Olaylar Ve Görüşler

Bağımsızlığın, özgürlüğün ve kurtuluşun limanı - Mehmet Şakir ÖRS

22 Temmuz 2023 Cumartesi

Seçim sonrasında yaşanan ekonomik ve sosyal gelişmeler içinde, İzmir Alsancak Limanı’nın Araplara satılacağı haberi birçok bakımdan simgesel bir önem taşıyor. Üstelik bu haber en yetkili ağızlardan doğrulanıyor.

İHRACAT KAPISI

İzmir, geçmişte Türkiye’nin ihracat üssü, İzmir Limanı da ihracat kapısıydı. İşte bütün bu işlevleri ve özellikleri ile liman kentin ve ticaret hayatının simgesiydi. Bir anlamda liman, İzmir’in ve Ege’nin aşı, işi ve ekmeğiydi. Ama aynı zamanda genç Türkiye Cumhuriyeti’nin iktisadi kalkınma kaldıracıydı. Cumhuriyetin ilk yılları ve özellikle de “ulusal iktisat” dönemi, bu kalkınma hamlesinin destanıdır.

İlk demiryolları ağının İzmir’de ve Ege Bölgesi’nde oluşturulması elbette tesadüfi değildi. Bu ağın limanla buluşturulması da iktisadi anlamda doğru ve bilinçli bir tercihti. Zamanla bu tercihlerden vazgeçilip buralara gerekli yatırımların yapılmayışı ve bu değerlerin kaderlerine terk edilmesi, çok yanlış olmuştur.

İZMİR’İN SİMGESİ

Yıllar önce, güzel kentimiz İzmir’in iktisat/ticaret tarihini tüm yönleriyle araştırıp yazmış ve kitaplaştırmıştık. İzmir Ticaret Odası (İZTO) tarafından yayımlanan “Yüzyıllar Köprüsü” isimli eserde (Yüzyıllar Köprüsü / Prof. Dr. Ferlâl Örs - Dr. Erkan Serçe - Mehmet Şakir Örs / 2002); bir ticaret ve ihracat kenti olan İzmir için limanın taşıdığı anlamı ve önemi ayrıntılı biçimde ortaya koymuştuk. İzmir, geçmişten geleceğe uzanan tarihsel süreçte, tam anlamıyla bir liman kentidir. Liman da İzmir’in simgesidir!
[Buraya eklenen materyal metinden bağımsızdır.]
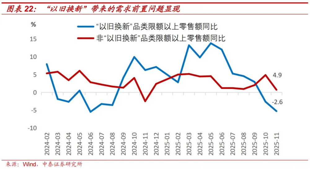 随着“以旧换新”补贴退坡,需求前置的风险开始暴露。2025年5月到11月,6个月时间里,限额以上零售中和“以旧换新”相关的五个品类,零售额当月同比从13.8%下降至-5.3%。对比来看,其他限额以上品类的零售额同比,同期只从4.5%下降到0.7%。
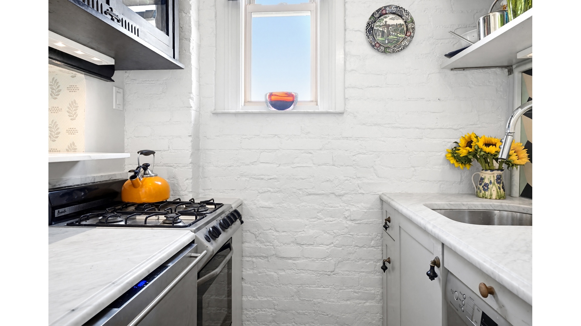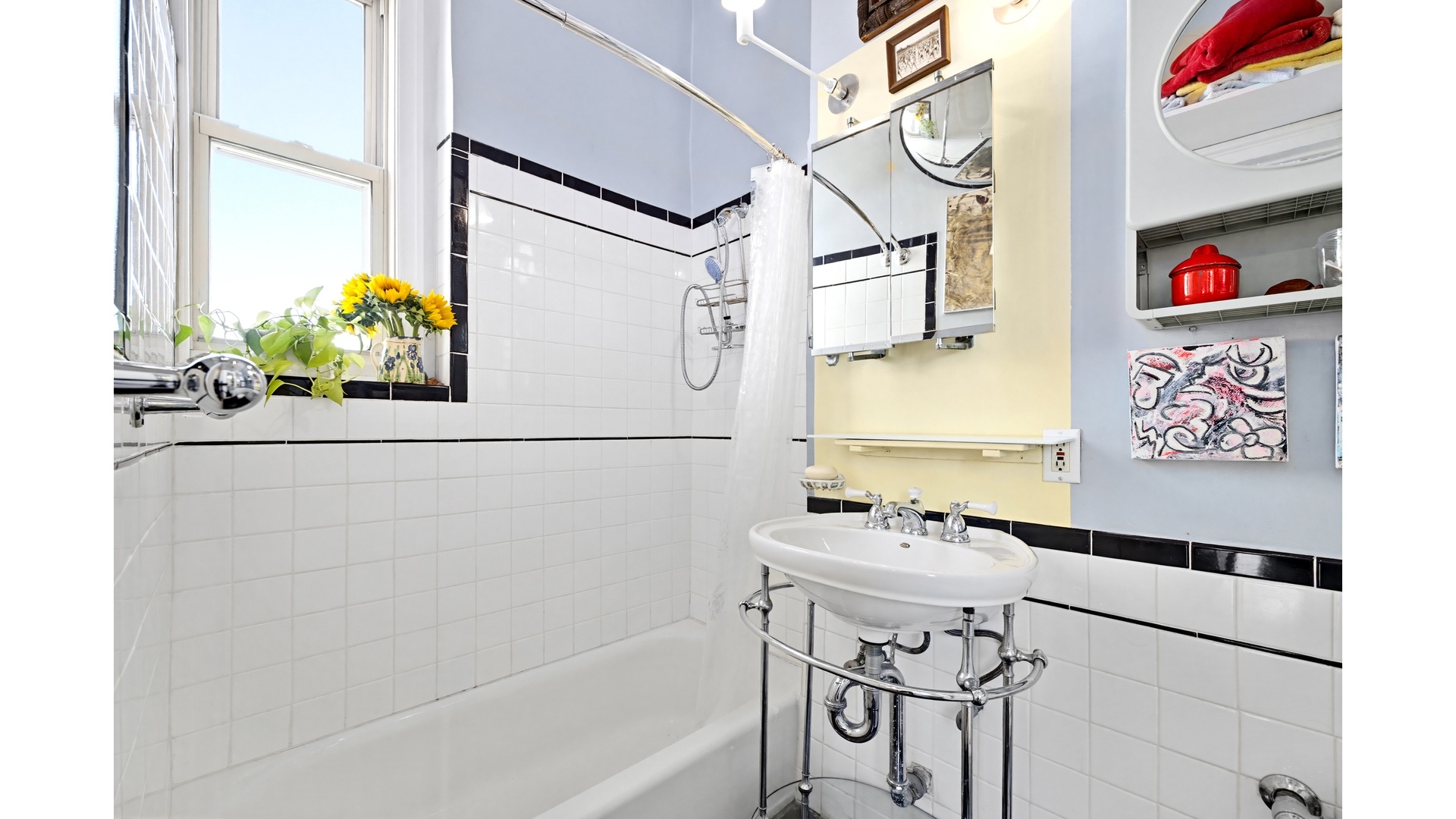 You can even enjoy city views from the full-sized bathroom with classic white and black tile, and charming porcelain console sink.

Günümüzde bazı çevreler için artık pek bir anlam ifade etmiyor olsa da hiçbir zaman unutulmamalıdır. O İzmir ki ülkemizde “kurtuluşun ve kuruluşun kenti”dir! O satılması için şimdilerde kapı kapı dolaşılan liman ve benzeri değerlerimizin millileştirilmesi için, bir zamanlar ne mücadeleler verilmiştir! İşte adı üstünde, İzmir Alsancak Limanı bağımsızlığın ve özgürlüğün limanıdır!...

MİLLİLİK VE YERLİLİK!

Yıllardır gerekli yatırımlar yapılmayan ve kaderine terk edilen İzmir Limanı, şimdi elden çıkarılmaya ve Araplara satılmaya çalışılıyor. Üstelik sözde “millilik ve yerlilik” söylemlerinin şampiyonluğuna soyunanlar tarafından! Kurallara uygun bir “özelleştirme” bile sayılamayacak bu tartışmalı satışı sorgulamak ve buna karşı çıkmak; hem iktisadi ve hem de siyasi açıdan doğrudur, yerindedir.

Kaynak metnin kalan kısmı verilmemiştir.